** Provided data follows **

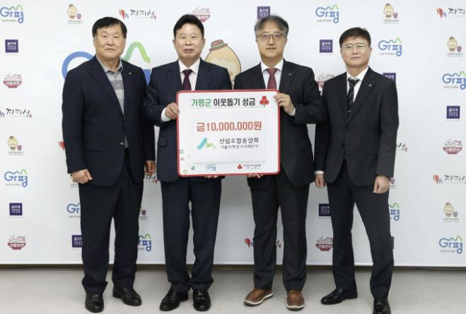 [뉴스스텝] 산림조합중앙회 서울인천경기지역본부는 13일 가평군청을 방문해 지역의 어려운 이웃을 돕기 위한 성금 1천만 원을 기탁했다.
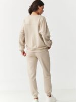 Un ensemble de survêtement élégant pour femmes qui allie design moderne et confort exceptionnel. Fabriqué en tissu de haute qualité composé de 95 % de coton et 5 % d’élasthanne, il assure douceur, élasticité et un ajustement parfait à la silhouette. C’est un excellent choix pour tous les jours, parfait à la maison, lors de promenades, de courses ou de détente le week-end. L’élément distinctif de cet ensemble est l’application brodée du logo de la marque sur le devant du sweat, qui lui donne un caractère original et une expression mode. Le sweat a une coupe décontractée avec une ligne d’épaules abaissée et est terminé par des poignets confortables aux manches et en bas, ce qui lui confère un style décontracté. L’encolure ronde est également finie avec un subtil bord-côte soulignant sa intemporalité. Le pantalon est doté d’une taille élastique et de poignets aux chevilles, ce qui lui permet de bien se poser sur la silhouette et garantit confort toute la journée. Cet ensemble est un mélange parfait de fonctionnalité et de style. Il convient aussi bien comme ensemble que porté séparément. Sa coupe universelle s’adapte à de nombreuses occasions et garantit une liberté de mouvement sans compromis. Misez sur la qualité, le confort et le détail mode en choisissant un survêtement avec une application brodée qui soulignera votre style chaque jour!
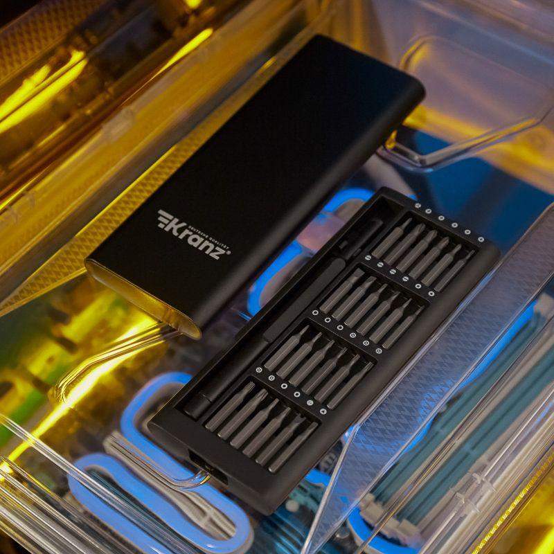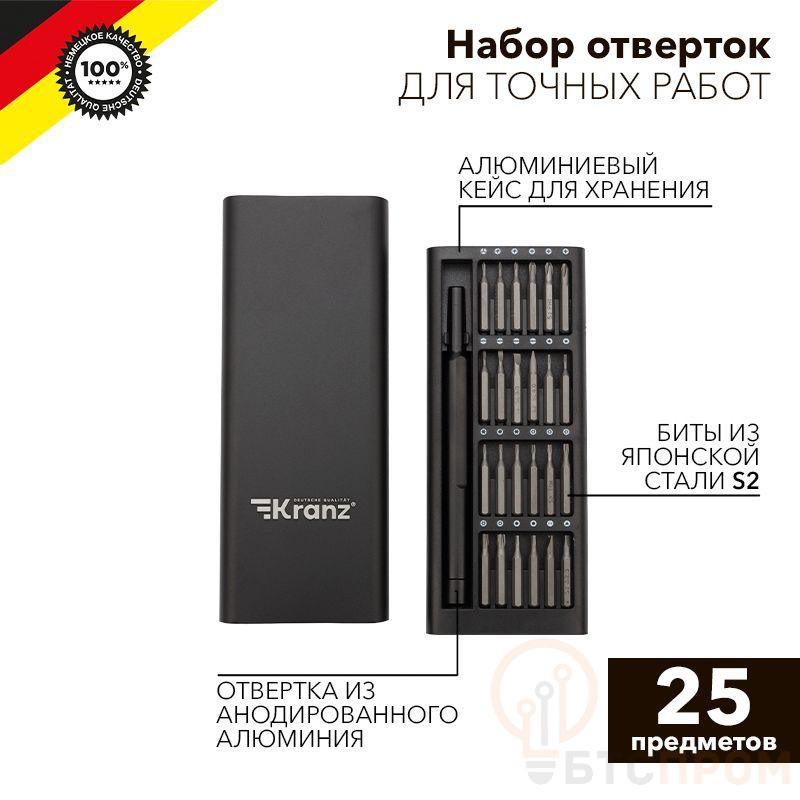 Набор отверток для точных работ KRANZ RA-03 отлично подходит для ремонта телефонов, компьютеров, приемников и для многих популярных приборов, которые используются в быту. Инструменты набора изготовлены из качественной японской стали S2, обладающей высокой прочностью к механическим повреждениям. Точно подобранные по характеристикам магнитные насадки отлично подходят для профессионального ремонта и для мелких бытовых работ. Компактный кейс удобен в транспортировке и с легкостью открывается одной рукой. В наборе отвертка с 24 битами: 1.0, 1.5, 2.0, 2.5, 3.0, PH0, PH1, PH00, PH000, PZ0, PZ1, PZ00, T4, T5, T6, T7, T8, T9, T10, T15, H1.5, H2.0, P2, P5. Посадка бит: 1/8

** End of Provided data **

Exercise directions →
For this exercise, output only the lines from the one bearing "Un ensemble de" to the end of the material above, exactly as written, with pictures left out.

Response below →
 Un ensemble de survêtement élégant pour femmes qui allie design moderne et confort exceptionnel. Fabriqué en tissu de haute qualité composé de 95 % de coton et 5 % d’élasthanne, il assure douceur, élasticité et un ajustement parfait à la silhouette. C’est un excellent choix pour tous les jours, parfait à la maison, lors de promenades, de courses ou de détente le week-end. L’élément distinctif de cet ensemble est l’application brodée du logo de la marque sur le devant du sweat, qui lui donne un caractère original et une expression mode. Le sweat a une coupe décontractée avec une ligne d’épaules abaissée et est terminé par des poignets confortables aux manches et en bas, ce qui lui confère un style décontracté. L’encolure ronde est également finie avec un subtil bord-côte soulignant sa intemporalité. Le pantalon est doté d’une taille élastique et de poignets aux chevilles, ce qui lui permet de bien se poser sur la silhouette et garantit confort toute la journée. Cet ensemble est un mélange parfait de fonctionnalité et de style. Il convient aussi bien comme ensemble que porté séparément. Sa coupe universelle s’adapte à de nombreuses occasions et garantit une liberté de mouvement sans compromis. Misez sur la qualité, le confort et le détail mode en choisissant un survêtement avec une application brodée qui soulignera votre style chaque jour!
 Набор отверток для точных работ KRANZ RA-03 отлично подходит для ремонта телефонов, компьютеров, приемников и для многих популярных приборов, которые используются в быту. Инструменты набора изготовлены из качественной японской стали S2, обладающей высокой прочностью к механическим повреждениям. Точно подобранные по характеристикам магнитные насадки отлично подходят для профессионального ремонта и для мелких бытовых работ. Компактный кейс удобен в транспортировке и с легкостью открывается одной рукой. В наборе отвертка с 24 битами: 1.0, 1.5, 2.0, 2.5, 3.0, PH0, PH1, PH00, PH000, PZ0, PZ1, PZ00, T4, T5, T6, T7, T8, T9, T10, T15, H1.5, H2.0, P2, P5. Посадка бит: 1/8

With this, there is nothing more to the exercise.